Here are some of the health benefits of the things you might add into your almond butter base:
Honey: Containing no fat or cholesterol, honey is a natural sweetener that can help fight allergies and provide energy.
Cloves: Known to reduce inflammation and improve digestion.
Cinnamon: Protects heart health and acts as an anti-inflammatory, as well as being natural food preservative
Sea Salt: Wonderfully high in minerals that promote skin health.
DIY Almond Butter
2 cups unsalted almonds
- Preheat oven to 350 degrees.
- Spread almonds into a single layer on a rimmed cookie sheet lined with aluminum foil.
- Bake about 5-7 minutes (watching closely and shifting with a wooden spatula as needed to prevent burning).
- Transfer the nuts directly into a food processor (you can do it right away, no need for them to cool).
- Turn on the food processor and let it run between 12-15 minutes stopping intermittently to scrape the sides of the bowl. After 8-10 minutes, you can add a little olive oil .
- When desired spread consistency is reached, remove food processor blade, add any extra ingredients or flavoring (see notes below) and mix thoroughly with a spatula.
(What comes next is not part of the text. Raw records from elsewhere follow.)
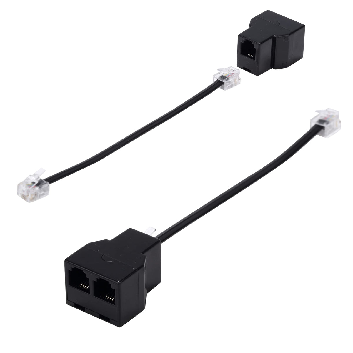 Lansensu Phone Line Splitter,Telephone Splitter,With Rj11 6P4C Plugs,Suitable For Telephone,Fax Machine,Black 2 Pack
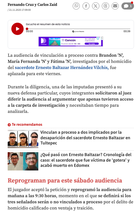 • https://www.milenio.com/policia/homicidio-del-sacerdote-ernesto-baltazar-aplazan-audiencia-implicados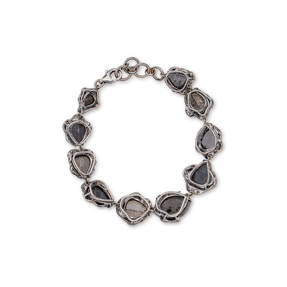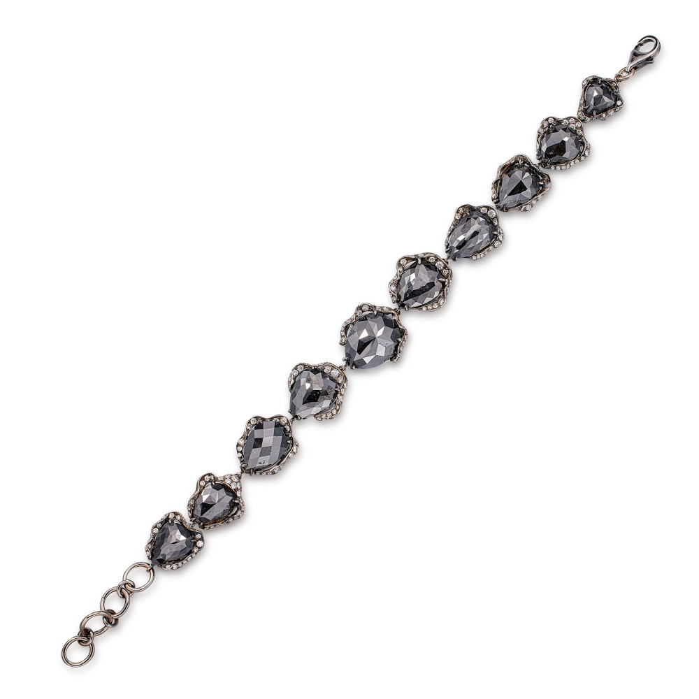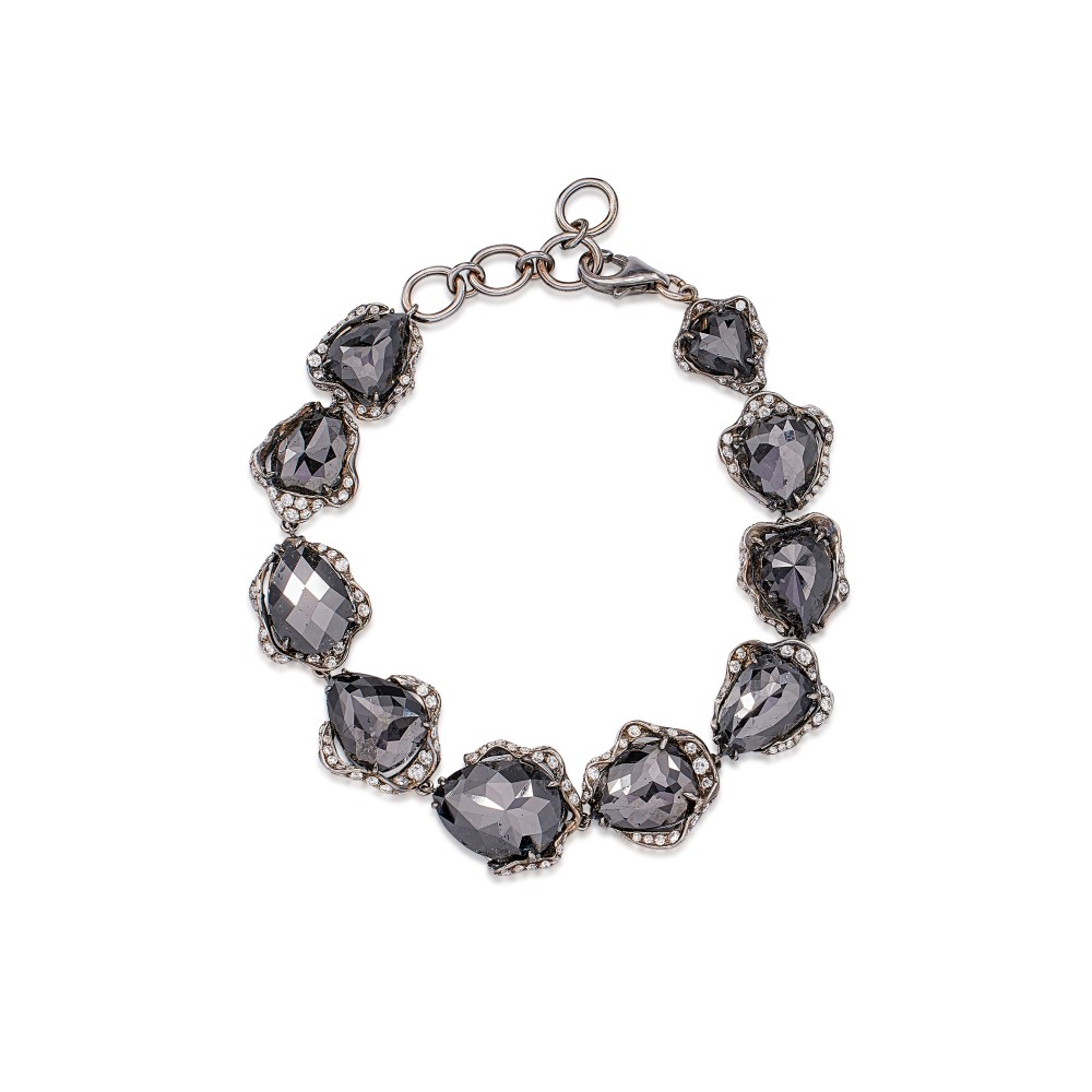 Composed of various-shaped black rose-cut diamonds, each framed by round diamonds.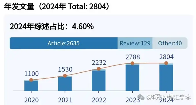 近三年,我国发文量是最高的,且24年较23年更是增长1000+篇,不知道今年是否还会变多。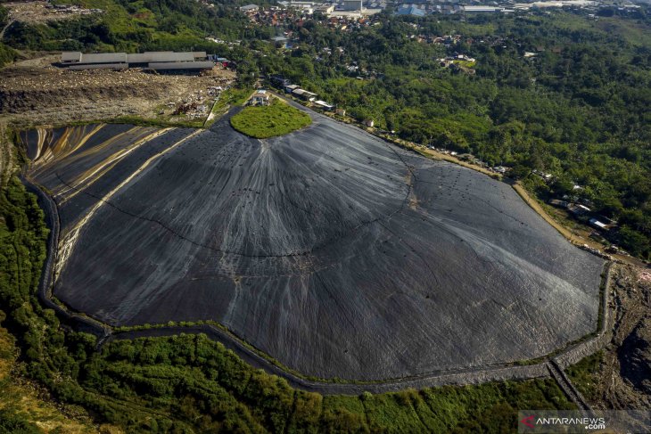 Foto udara lapisan geomembran menutup hamparan lahan bekas timbunan sampah untuk menghasilkan metana pada proyek Pembangkit Listrik Tenaga Sampah (PLTSa) Landfill Gas di Tempat Pembuangan Akhir Jatibarang, Kota Semarang, Jawa Tengah, Sabtu (17/4/2021). Pada tahun 2021 Pemerintah Kota Semarang berencana mengembangkan proyek Pengelolaan Sampah Energi Listrik (PSEL) berteknologi insinerator yang akan menghasilkan 20 Megawatt listrik sebagai upaya mengurangi produksi sampah sekitar 1.000 ton per hari di TPA tersebut. ANTARA FOTO/Aji Styawan/wsj.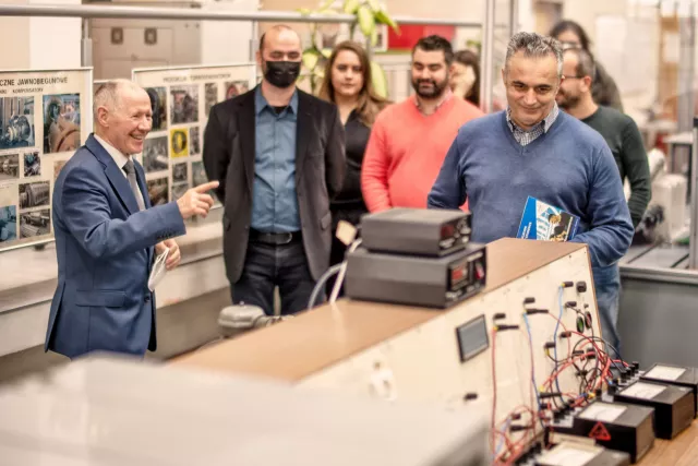 Prof. Sławomir Wiak gościł uczestników spotkania w laboratorium Instytutu Mechatroniki i Technik Informatycznych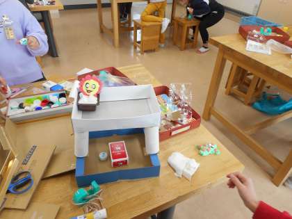 3月10日(水)3・4時間目、図画工作科の学習で「ともだちハウス」をつくりました。「ともだちハウス」は、先週、粘土でつくった小さな友達のための家です。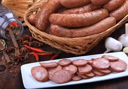 4.烘烤。將紅腸放進烘箱內烘烤,烘烤溫度掌握在65~80℃,標準以腸衣呈乾燥,肉餡呈紅色為佳。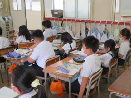 算数では、実物(具体物)の絵や物を使って問題場面を捉えた後、ブロック(半具体物)を使用して考えを深めていきます。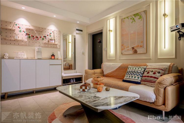 过道一览~米色+莫兰迪色,满眼干净清爽。面积虽小,大气满分!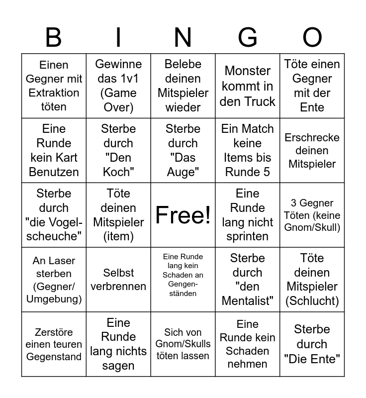 This bingo card has a free space and 24 words: Selbst verbrennen, Eine Runde lang nichts sagen, Sterbe durch "Das Auge", Zerstöre einen teuren Gegenstand, Töte einen Gegner mit der Ente, Einen Gegner mit Extraktion töten, Eine Runde kein Kart Benutzen, Gewinne das 1v1 (Game Over), Eine Runde lang nicht sprinten, Eine Runde lang kein Schaden an Gengen-ständen, Ein Match keine Items bis Runde 5, Sterbe durch "die Vogel- scheuche", Sterbe durch "den Mentalist", Töte deinen Mitspieler (Schlucht), Sterbe durch "Den Koch", Eine Runde kein Schaden nehmen, 3 Gegner Töten (keine Gnom/Skull), Belebe deinen Mitspieler wieder, Erschrecke deinen Mitspieler, Töte deinen Mitspieler (item), Sterbe durch "Die Ente", An Laser sterben (Gegner/ Umgebung), Monster kommt in den Truck and Sich von Gnom/Skulls töten lassen.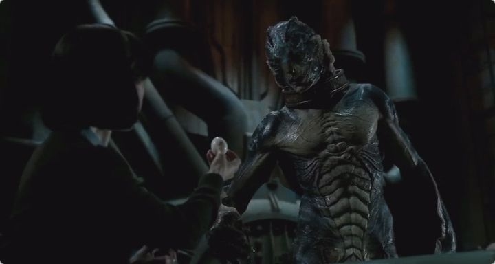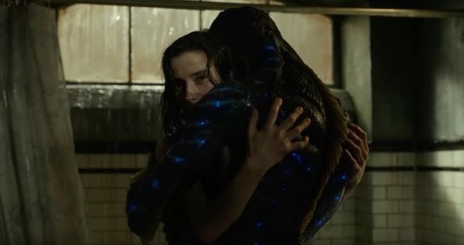 被人类狠狠虐待兼囚禁的鱼人,会在愤怒的驱使下伤害所有人,却唯独愿意接近女主,陪伴她,拥抱她:
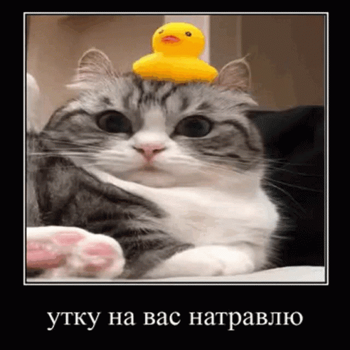 A cute cat with a rubber duck on its head, accompanied by the Russian meme 'I'll set a duck on you'.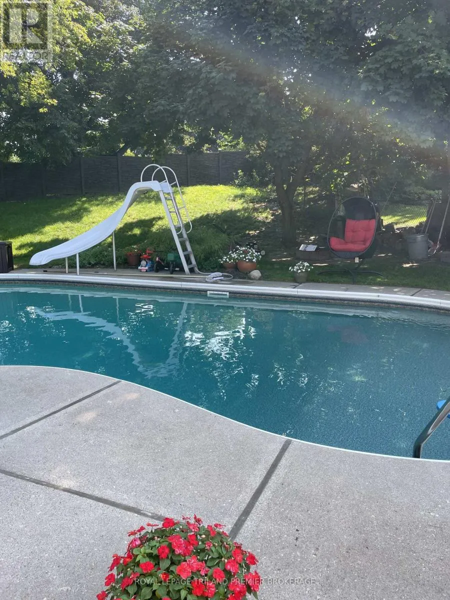FROM BOLER HEAD WEST ON GRIFFITH, SOUTH ON FOXCROFT Welcome to this beautiful yellow brick two-storey in the unbeatable, family-friendly neighbourhood of Byron! From the charming covered front porch to the spacious backyard retreat, this home offers the perfect blend of warmth, function, and room to grow. Inside, you'll find hardwood flooring throughout and a bright, inviting living room featuring a stunning bay window. The formal dining room is perfect for hosting, while the eat-in kitchen offers everyday convenience and great flow for busy family life. A cozy family room with fireplace and direct backyard access creates the ideal space for relaxing evenings. The main floor laundry and a 2-piece bath add practical convenience. The upper level offers four generous bedrooms and two full baths, including a primary suite with double closets and an updated 3-piece en-suite. The fully finished basement provides a large recreation room - perfect for movie nights, play space, or a home gym - plus ample storage. Step outside to your own backyard oasis featuring an in-ground pool and a large, treed yard with plenty of space for kids, dogs and entertaining. This is the total package in a sought-after neighbourhood close to schools, parks, and amenities - a true forever family home! Loaded with recent updates including: pool pump and filter approx. 1 year, pool liner approx. 7 yrs, roof approx. 15 yrs, furnace and A/C approx. 12 yrs, electric fireplace approx. 5 yrs, main floor windows approx. 2 yrs, upper primary and ensuite windows approx. 1 yr, all other upper windows approx. 6 yrs, insulation approx. 1 yr, basement flooring approx. 4 yrs, rear fence approx. 5 yrs, exterior doors approx. 2 yrs, upper level interior doors and trim 2026, kitchen backsplash/counters approx. 7 yrs. (id:27476)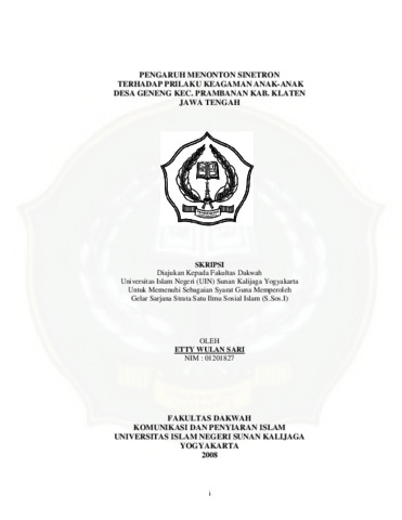 Etty Wulan Sari, NIM.: 01201827 (2008) PENGARUH MENONTON SINETRON TERHADAP PRILAKU KEAGAMAN ANAK-ANAK DESA GENENG KEC. PRAMBANAN KAB. KLATEN JAWA TENGAH. Skripsi thesis, UIN SUNAN KALIJAGA YOGYAKARTA.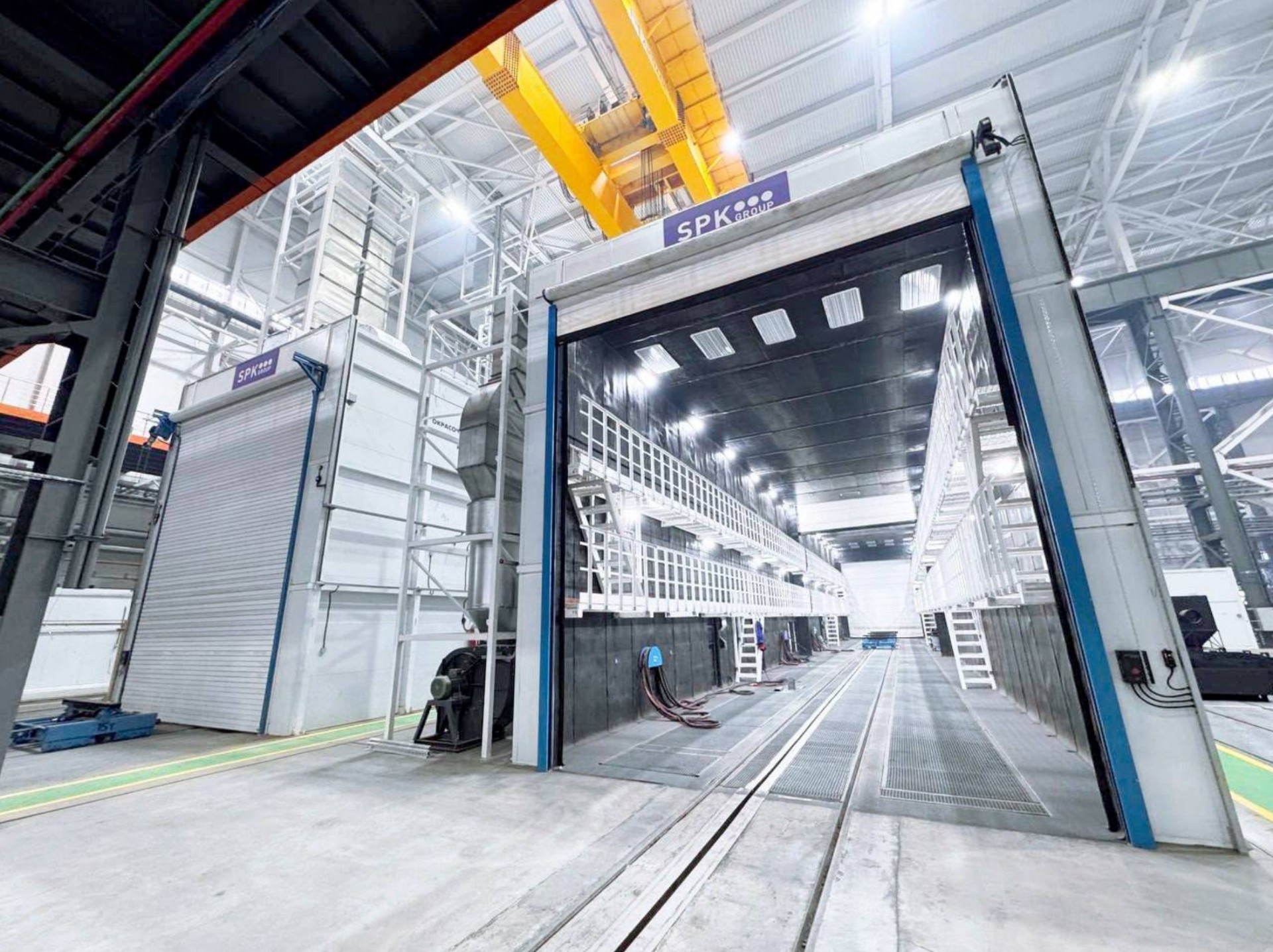 Обратите внимание на этого Атланта — двухсекционную дробеструйную камеру проходного типа, которая является частью окрасочной линии компании SPK GROUP для «Механоремонтного комплекса».

- Transfer to a strong-seal lid glass jar and store in the refrigerator.
- As mentioned above, it is important to stop the food processor every few minutes to scrape down the sides of the bowl, but also to give the motor a little rest and time to cool in order to prevent overheating.
- The nuts will start to cream up after about 8 to 10 minutes. Patience is a virtue here as this process takes time, but if you’re a little impatient or don’t have much time to spare, you can add a scant one tablespoon of light-flavored olive oil (if you’re not Paleo or Whole30) to help it along after it begins to cream.
- Try customizing your almond butter by adding a teaspoon of coarsely ground sea or kosher salt. For a spicier mix, add in ¼ teaspoon of cinnamon and ¼ teaspoon of cloves with one tablespoon of honey. For a sweeter flavor, add in two tablespoons of hazelnut spread.
- To make your almond butter crunchy, set aside 5-10 roasted almonds when you pull them from the oven, grind them in a chopper or coarsely chop with a knife and stir them into the spread.
- It’s not uncommon to have to stir your almond butter before use if it’s been sitting in the fridge as the oil from the almonds may separate and rise to the top (just like at the store).